Remediation centers on enforcing a single Unicode normalization form before any signing or verification operation, and using constant-time comparison to avoid timing leaks. Choose UTF-8 as the encoding and NFC or NFD as the canonical form, and apply it uniformly to all inputs that participate in the signature base string.

The following Flask example demonstrates a robust approach using the unicodedata module and hmac.compare_digest for safe verification:

import hmac
import hashlib
import unicodedata
from flask import Flask, request, abort

app = Flask(__name__)
SECRET_KEY = b'your-secure-secret'

def normalize_unicode(value: str) -> str:
    # Choose a canonical form, here NFC
    return unicodedata.normalize('NFC', value)

def compute_signature(data: str) -> str:
    return hmac.new(SECRET_KEY, data.encode('utf-8'), hashlib.sha256).hexdigest()

@app.route('/api/action')
def api_action():
    user_id = request.args.get('user_id', '')
    timestamp = request.args.get('timestamp', '')
    provided_sig = request.args.get('signature', '')

    normalized_user_id = normalize_unicode(user_id)
    normalized_timestamp = normalize_unicode(timestamp)

    canonical = f'user_id={normalized_user_id}×tamp={normalized_timestamp}'
    expected_sig = compute_signature(canonical)

    if not hmac.compare_digest(expected_sig, provided_sig):
        abort(401, 'invalid signature')

    # proceed with authorized logic
    return {'status': 'ok'}

When consuming signed payloads in JSON, apply normalization to each relevant string field before constructing the signature base string. If you rely on an OpenAPI specification, document the required normalization form explicitly for string parameters and bodies so that clients and servers remain aligned.

The CLI tool can be used to scan Flask endpoints and surface inconsistencies between documented parameter types and observed runtime behavior. By running middlebrick scan <url> you can quickly identify endpoints where signature validation logic may be sensitive to encoding variations. For ongoing protection, the Pro plan provides continuous monitoring and can alert you when scans detect deviations that suggest normalization or integrity issues.
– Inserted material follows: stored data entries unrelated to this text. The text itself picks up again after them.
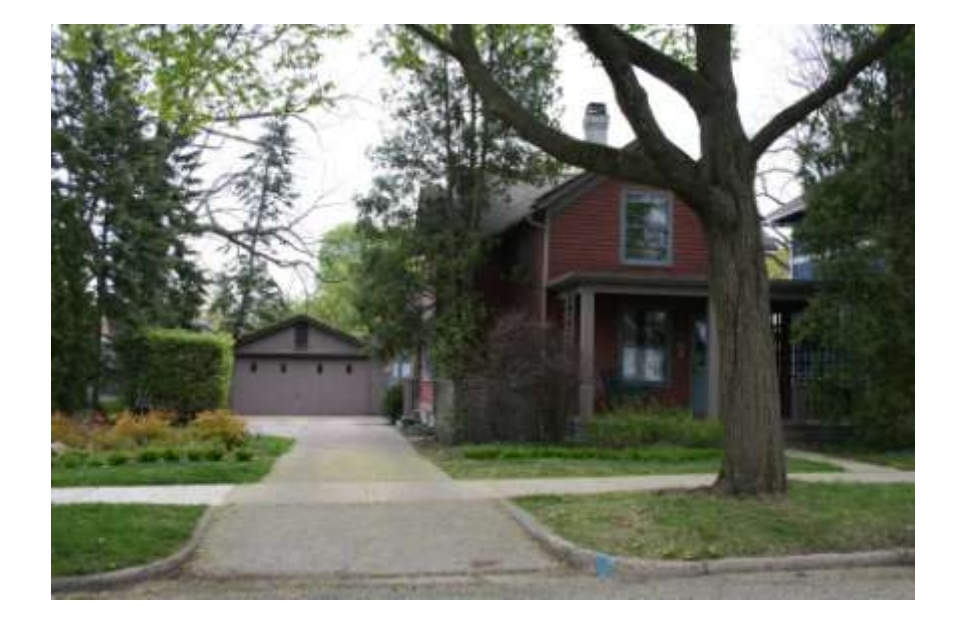
PHOTO INFO File name Fifth_515_2.JPG Date April-May, 2008
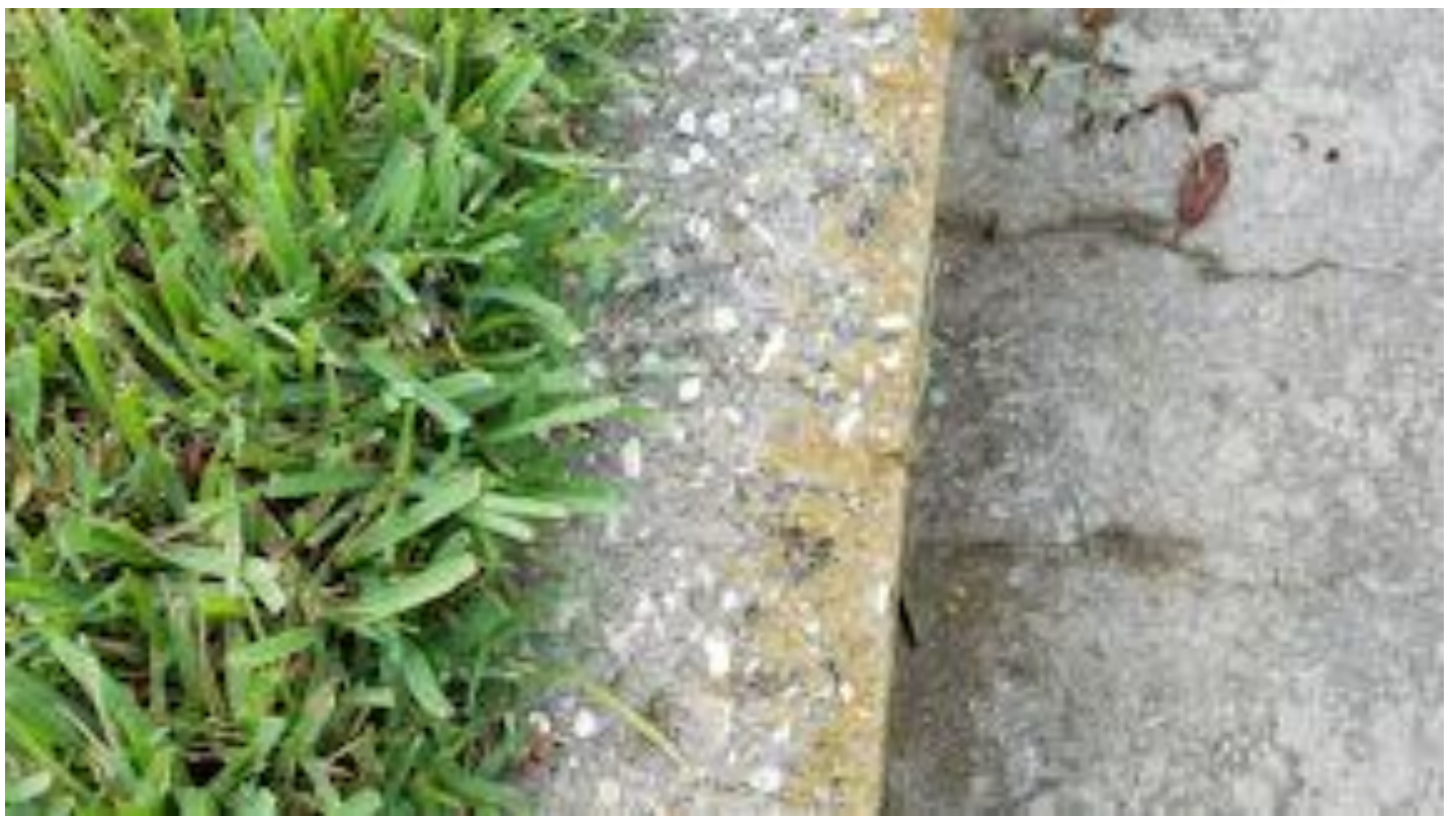
The Correct way to edge
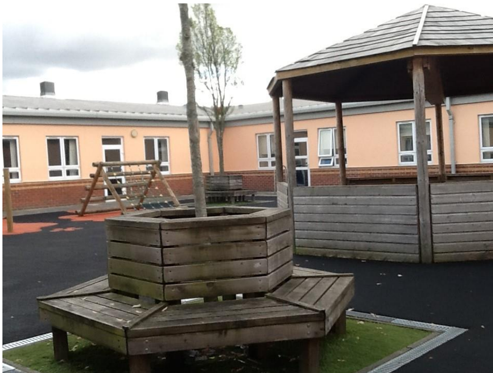
Our Light room
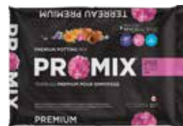
PRO-MIX® Potting Mix

CODE/SIZE: 4 98140 1 (28.3 L), 4 98170 1 (2 cu. ft.)
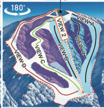
Iwatake Back Bowl

In CI/CD workflows, the GitHub Action can enforce a minimum security score and fail builds if signature-related findings appear. This helps catch regressions introduced by changes in parameter handling or dependencies. Developers can also integrate the MCP Server into their AI coding assistants to surface normalization guidance during implementation, reducing the likelihood of inconsistent fixes.

Frequently Asked Questions

Why does Unicode normalization matter for Hmac signatures in Flask?
Different Unicode representations of the same logical string can produce different byte sequences. If signing and verification do not use a canonical normalization form, equal strings may produce mismatched signatures, enabling bypass or logic errors.
How can I verify that my Flask app handles normalization correctly?
Use the CLI to scan your endpoints and compare behavior for NFC versus NFD variants of signed parameters. Ensure both server-side signing and verification apply the same normalization function before any comparison.